Description of the task
Leave out the pictures. Return every record otherwise untouched.

Task data
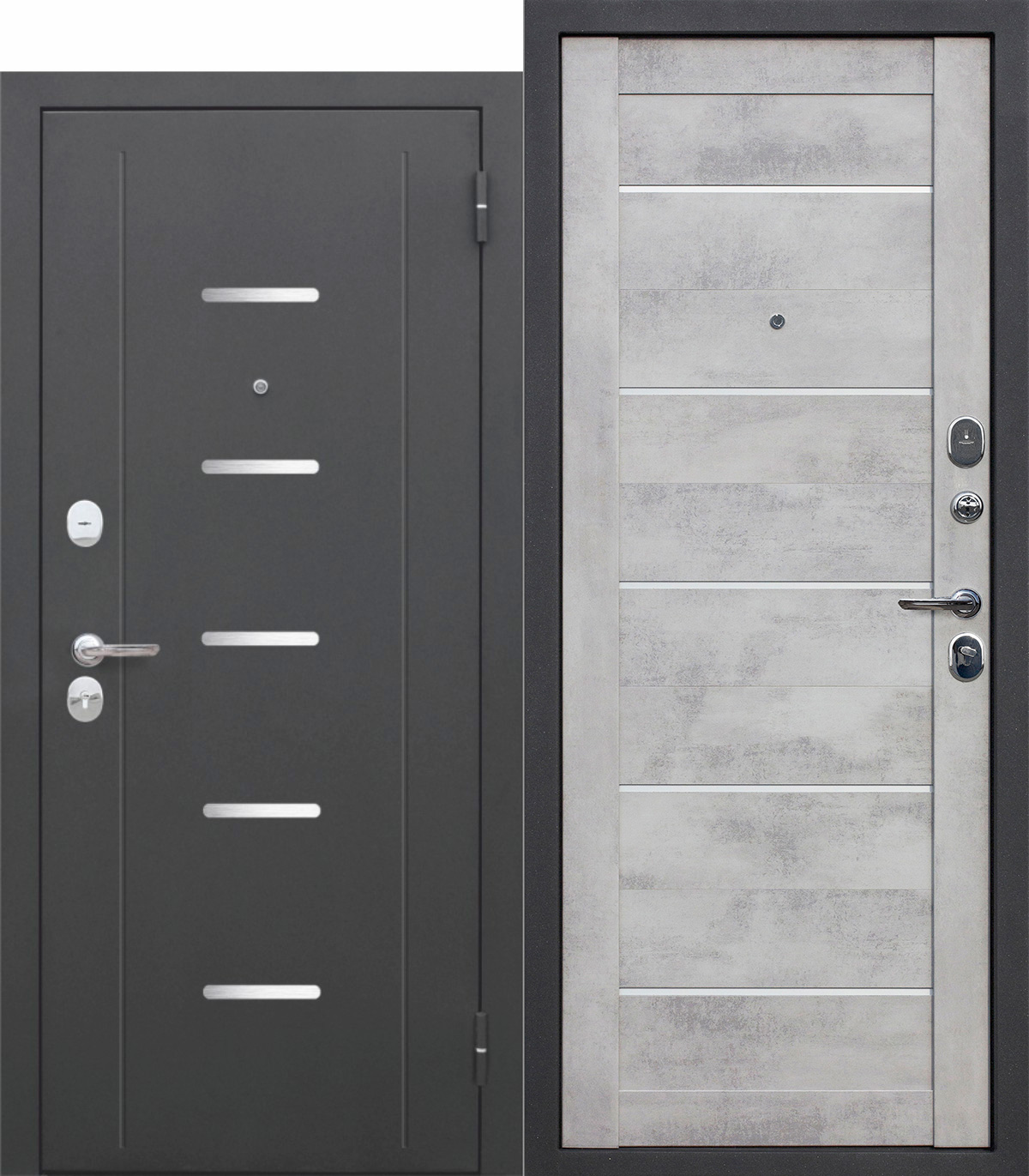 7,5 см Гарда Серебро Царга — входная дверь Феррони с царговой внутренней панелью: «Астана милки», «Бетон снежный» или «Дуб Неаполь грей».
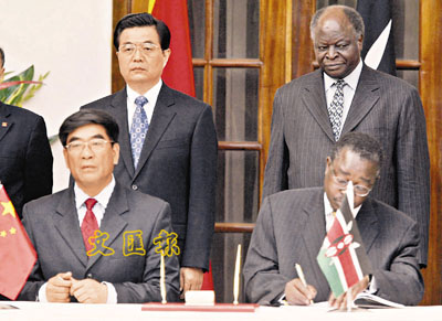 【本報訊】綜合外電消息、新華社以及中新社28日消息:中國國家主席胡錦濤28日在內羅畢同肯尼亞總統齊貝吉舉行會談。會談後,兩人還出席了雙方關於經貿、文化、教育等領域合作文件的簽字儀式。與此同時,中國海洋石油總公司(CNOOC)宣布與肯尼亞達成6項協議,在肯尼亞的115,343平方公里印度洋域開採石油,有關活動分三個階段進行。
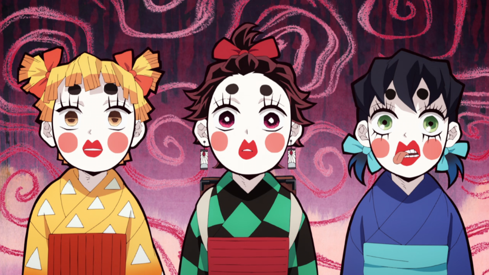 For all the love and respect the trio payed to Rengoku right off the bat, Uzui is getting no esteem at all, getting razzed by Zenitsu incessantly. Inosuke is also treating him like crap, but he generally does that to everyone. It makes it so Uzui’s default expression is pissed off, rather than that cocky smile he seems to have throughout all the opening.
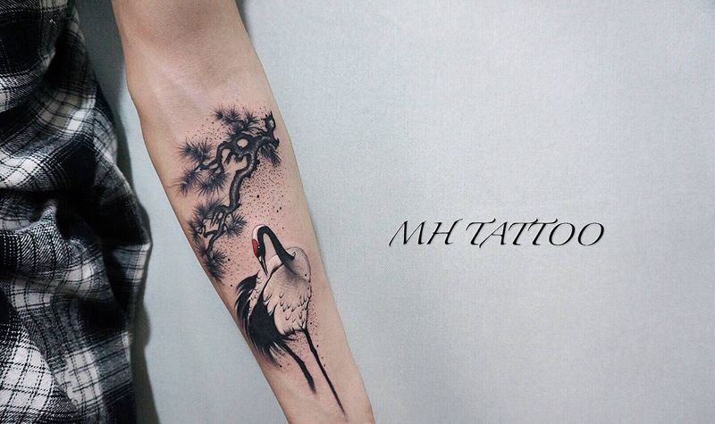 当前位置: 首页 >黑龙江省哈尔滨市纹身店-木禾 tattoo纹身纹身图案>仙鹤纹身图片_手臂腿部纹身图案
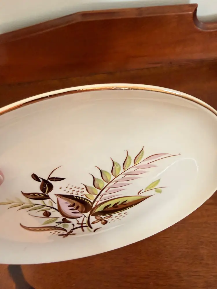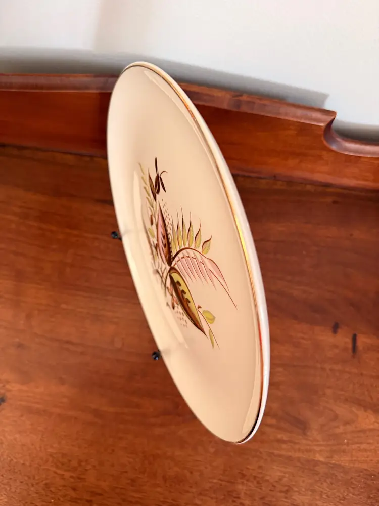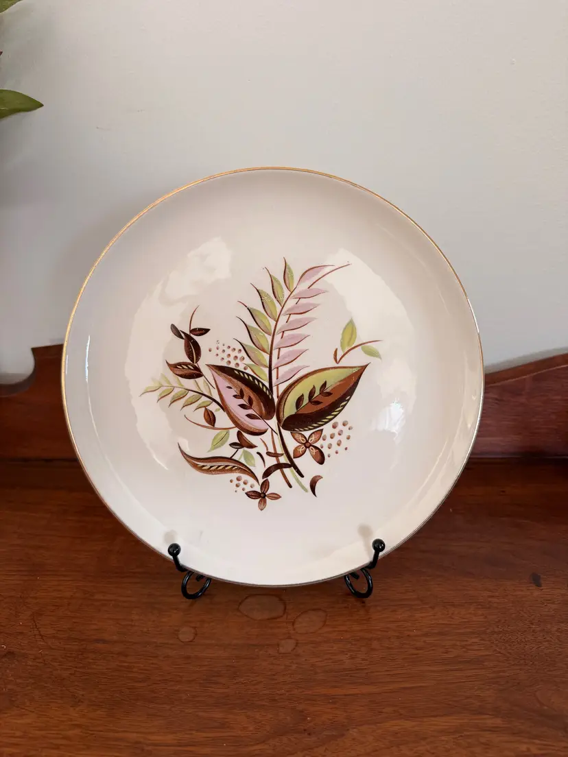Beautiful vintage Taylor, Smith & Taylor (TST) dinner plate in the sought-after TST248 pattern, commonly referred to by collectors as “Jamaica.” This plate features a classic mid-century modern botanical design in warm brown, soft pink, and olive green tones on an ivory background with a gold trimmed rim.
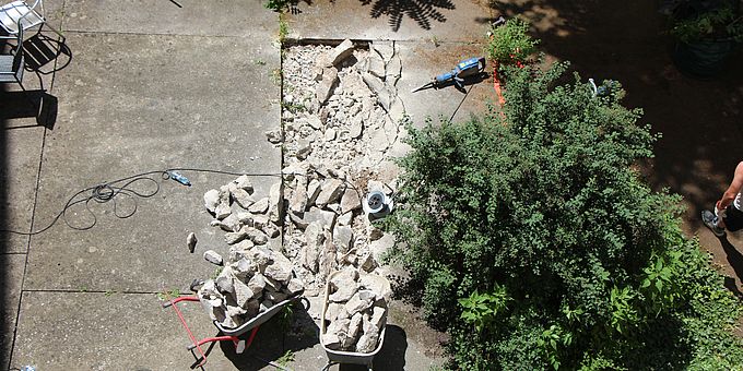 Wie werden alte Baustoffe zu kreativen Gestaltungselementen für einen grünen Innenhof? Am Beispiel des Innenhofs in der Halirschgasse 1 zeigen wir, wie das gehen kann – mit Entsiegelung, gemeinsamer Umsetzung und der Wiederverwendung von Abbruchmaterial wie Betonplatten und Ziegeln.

Written response
 7,5 см Гарда Серебро Царга — входная дверь Феррони с царговой внутренней панелью: «Астана милки», «Бетон снежный» или «Дуб Неаполь грей».
 【本報訊】綜合外電消息、新華社以及中新社28日消息:中國國家主席胡錦濤28日在內羅畢同肯尼亞總統齊貝吉舉行會談。會談後,兩人還出席了雙方關於經貿、文化、教育等領域合作文件的簽字儀式。與此同時,中國海洋石油總公司(CNOOC)宣布與肯尼亞達成6項協議,在肯尼亞的115,343平方公里印度洋域開採石油,有關活動分三個階段進行。
 For all the love and respect the trio payed to Rengoku right off the bat, Uzui is getting no esteem at all, getting razzed by Zenitsu incessantly. Inosuke is also treating him like crap, but he generally does that to everyone. It makes it so Uzui’s default expression is pissed off, rather than that cocky smile he seems to have throughout all the opening.
 当前位置: 首页 >黑龙江省哈尔滨市纹身店-木禾 tattoo纹身纹身图案>仙鹤纹身图片_手臂腿部纹身图案
Beautiful vintage Taylor, Smith & Taylor (TST) dinner plate in the sought-after TST248 pattern, commonly referred to by collectors as “Jamaica.” This plate features a classic mid-century modern botanical design in warm brown, soft pink, and olive green tones on an ivory background with a gold trimmed rim.
 Wie werden alte Baustoffe zu kreativen Gestaltungselementen für einen grünen Innenhof? Am Beispiel des Innenhofs in der Halirschgasse 1 zeigen wir, wie das gehen kann – mit Entsiegelung, gemeinsamer Umsetzung und der Wiederverwendung von Abbruchmaterial wie Betonplatten und Ziegeln.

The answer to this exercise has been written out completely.